Co-effects of m6A and chromatin accessibility dynamics in the regulation of cardiomyocyte differentiation.

Abstract

Background: Cardiomyocyte growth and differentiation rely on precise gene expression regulation, with epigenetic modifications emerging as key players in this intricate process. Among these modifications, N6-methyladenosine (m6A) stands out as one of the most prevalent modifications on mRNA, exerting influence over mRNA metabolism and gene expression. However, the specific function of m6A in cardiomyocyte differentiation remains poorly understood.

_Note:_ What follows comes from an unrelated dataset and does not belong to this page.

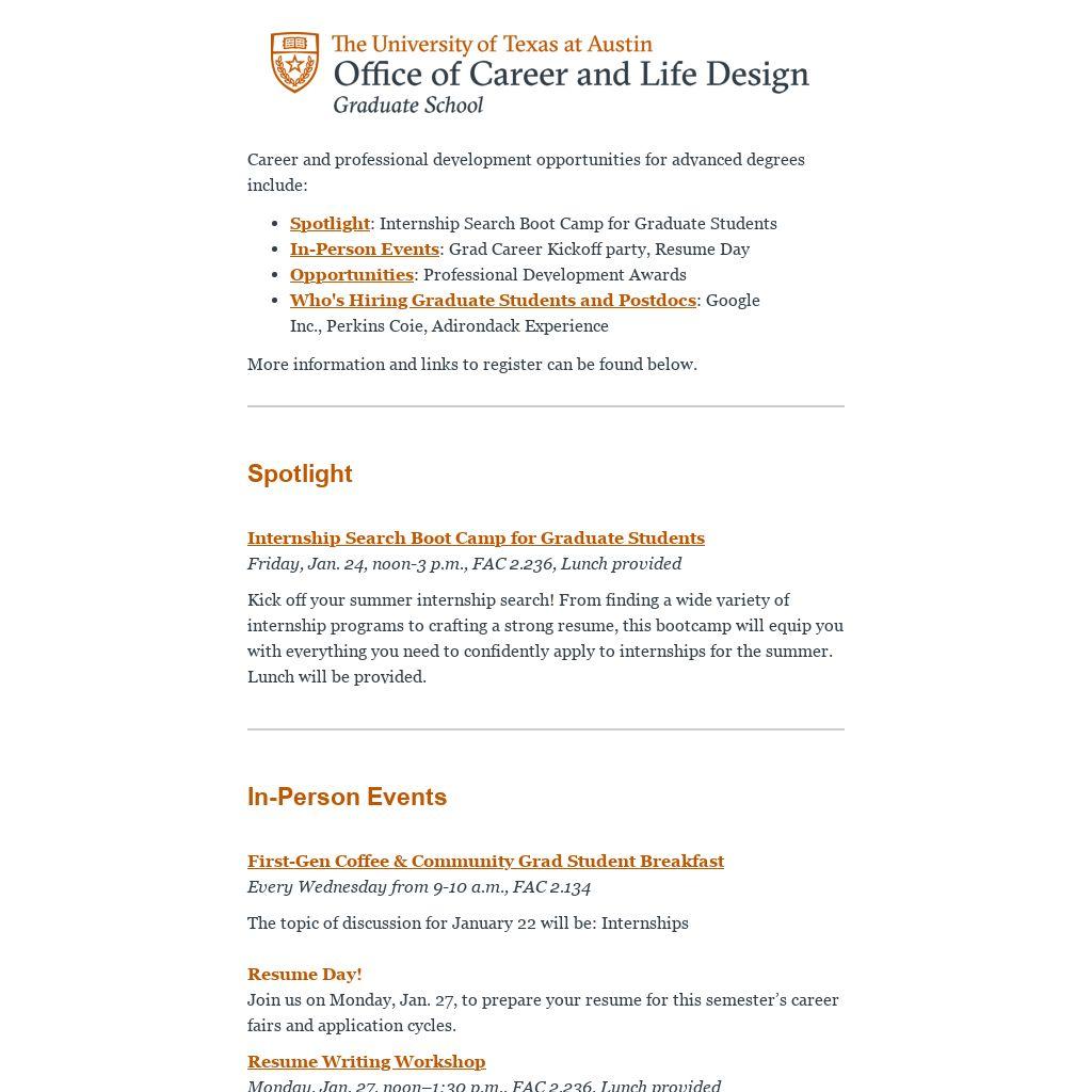 - Learn about graduate internships and fellowship opportunities at UT

Results: We investigated the relationship between m6A modification and cardiomyocyte differentiation by conducting a comprehensive profiling of m6A dynamics during the transition from pluripotent stem cells to cardiomyocytes. Our findings reveal that while the overall m6A modification level remains relatively stable, the m6A levels of individual genes undergo significant changes throughout cardiomyocyte differentiation. We discovered the correlation between alterations in chromatin accessibility and the binding capabilities of m6A writers, erasers, and readers. The changes in chromatin accessibility influence the recruitment and activity of m6A regulatory proteins, thereby impacting the levels of m6A modification on specific mRNA transcripts.

Conclusion: Our data demonstrate that the coordinated dynamics of m6A modification and chromatin accessibility are prominent during the cardiomyocyte differentiation.